- Location: Merced County, California, United States
- Coordinates: 37°07′26″N 120°55′09″W﻿ / ﻿37.1238321°N 120.9190863°W
- Area: 3,800 acres (15 km^{2})
- Designation: Wildlife Area
- Designated: 1973
- Governing body: California Department of Fish and Wildlife
- Operator: California Department of Fish and Wildlife
- Owner: State of California
- Website: California Department of Fish & Wildlife - Volta Wildlife Area

= Volta Wildlife Area =

Protected area in California, United States

Volta Wildlife Area is a protected wetland wildlife reserve located in Merced County, California, covering approximately 3,800 acres (15 km^{2}). The area is managed by the California Department of Fish and Wildlife (CDFW).

== History ==
From 1949 onward, multiple meetings were held across California focusing on the potential acquisition of wetland areas for state-managed waterfowl reserves. These discussions emphasized several objectives, including reducing economic losses to agriculture caused by waterfowl, preserving essential winter habitats for migratory birds, and providing opportunities for public waterfowl hunting. As a result of this process, the establishment of the Volta Wildlife Area was conceptually approved.

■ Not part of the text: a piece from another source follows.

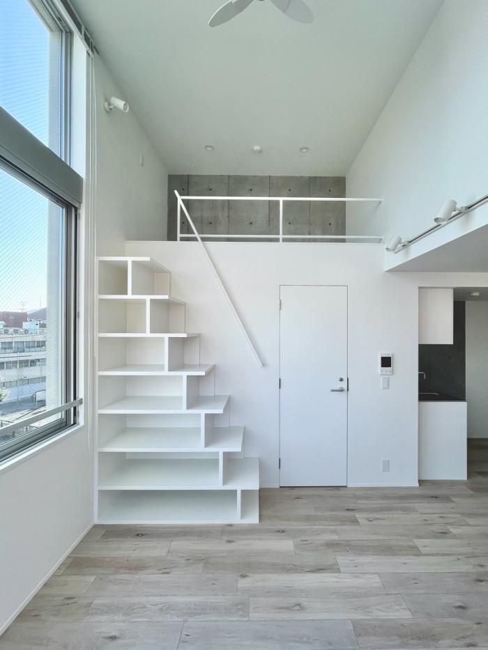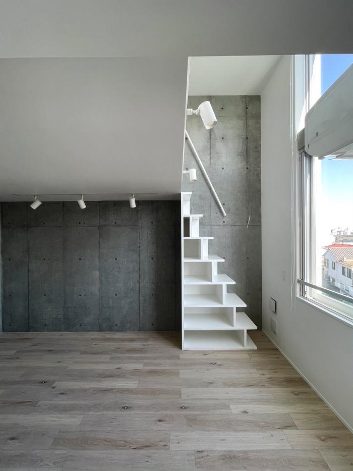 同時に、スキップフロアの断面構成や三角形の敷地に呼応した平面形状など、事業用物件として収益性を最大化するための効率的な空間活用も実現しています。

In 1952, the Department entered into a lease agreement to oversee management of the land, an agreement that has been renewed and revised multiple times since. The area has primarily been maintained as a seasonally inundated wetland to support migratory waterfowl and related species. In 1973, the site was formally designated as a wildlife area by the California Fish and Game Commission.

== Ecology and land management ==
The Volta Wildlife Area is part of a network of engineered wetlands in California's Central Valley that have been restored and managed to provide habitat for migratory waterfowl and other wildlife species. These managed wetlands rely on infrastructure such as irrigation canals, water pumps, and water control structures to maintain seasonal flooding, and they play a significant role in supporting large populations of migratory waterfowl and other wildlife. Volta has been noted for its early-migrating northern pintail populations and for providing habitat for the threatened giant garter snake.

The giant garter snake (Thamnophis gigas) is federally listed as threatened and occurs in managed wetland habitats such as those at Volta Wildlife Area.